The patients were treated with an initial intensive phase lasting for 2 months followed by a continuation phase, which lasted for 4 months. In the intensive phase, three to four anti-TB drugs were administered thrice weekly depending on the category of treatment prescribed; all the thrice weekly doses were given under direct observation. In the continuation phase, the number of anti-TB drugs administered was reduced to two and only the first dose of the week was given under direct supervision while the remaining two doses in the week were self administered. All the drugs were administered thrice a week in the following doses (mg): isoniazid (600), rifampicin (450, 600 if weight more than 60 kg), pyrazinamide (1500), ethambutol (1200).

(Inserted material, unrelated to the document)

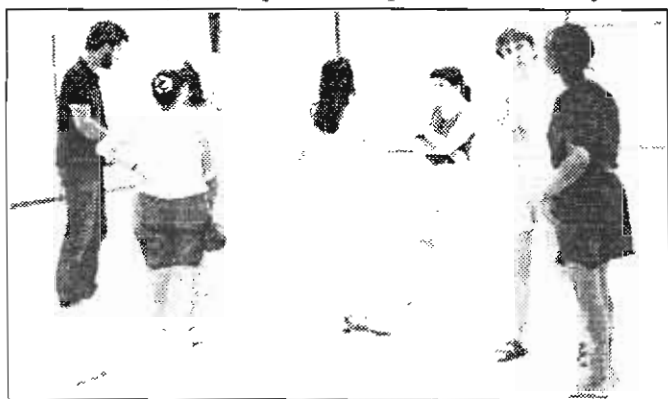
PBI-NAP training in a Mohawk community

The main task of the Project Exploratory Committee during 1991 was to accompany the investigation of the North America Project (NAP). Meanwhile, the contacts and development of NAP in the field were carried out by PBI members in the area; PEC contributed by proposing some criteria for domestic projects, linking the NAP exploration with the established PEC procedure, involving the rest of the PBI groups through consultation, and asking critical questions. It was not easy to keep in touch or to find interest outside of North America; the exploration process was very slow.
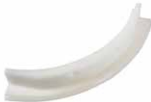
HOLDING LEDGE PRE/MAIN COMPRESSION - EU 19 F-721 | OEM: N/A

Patients who failed on the initial treatment with category I or category III regimens or who had a bacteriological relapse were treated with the category II regimen.
Investigations during treatment and follow up: Sputum smear examination was done on two specimens each at 2, 4 and 6 months of anti-TB treatment. Radiologic examination was carried out at 0, 2 and at 6 or 7 months. CD4 counts were determined in a majority of the patients. To determine the degree of immune-suppression in the enrolled patients, the CD4 counts were estimated in freshly collected blood in EDTA containing vacutainer tubes (Becton Dickinson, Franklin Lakes, NJ, USA) Fifty μL of whole blood samples were stained with 20 μl of liquid antibody reagent (MultiTEST CD3 FITC, CD8 PE, CD45 PerCP and CD4 APC, Cat no.340491, Becton Dickinson, USA) and mixed with the reference beads (TruCOUNT tubes, Cat No: 340334, Becton Dickinson). After incubation for 15 min the RBCs were lysed and the tubes were acquired on the FACSCalibur using the automated MultiSET software (Becton Dickinson, USA). The absolute CD4 counts were expressed as cells/μl3.
Free ART was not available for the HIV seropositive patients in Pune till January 2005. Subjects enrolled after January 2005 were referred to the ART center at Sassoon General Hospital, Pune, for free ART. During follow up of the subjects, if there was clinical evidence of any opportunistic infection, the subject was admitted at Talera Hospital for investigations and treatment of the opportunistic infection.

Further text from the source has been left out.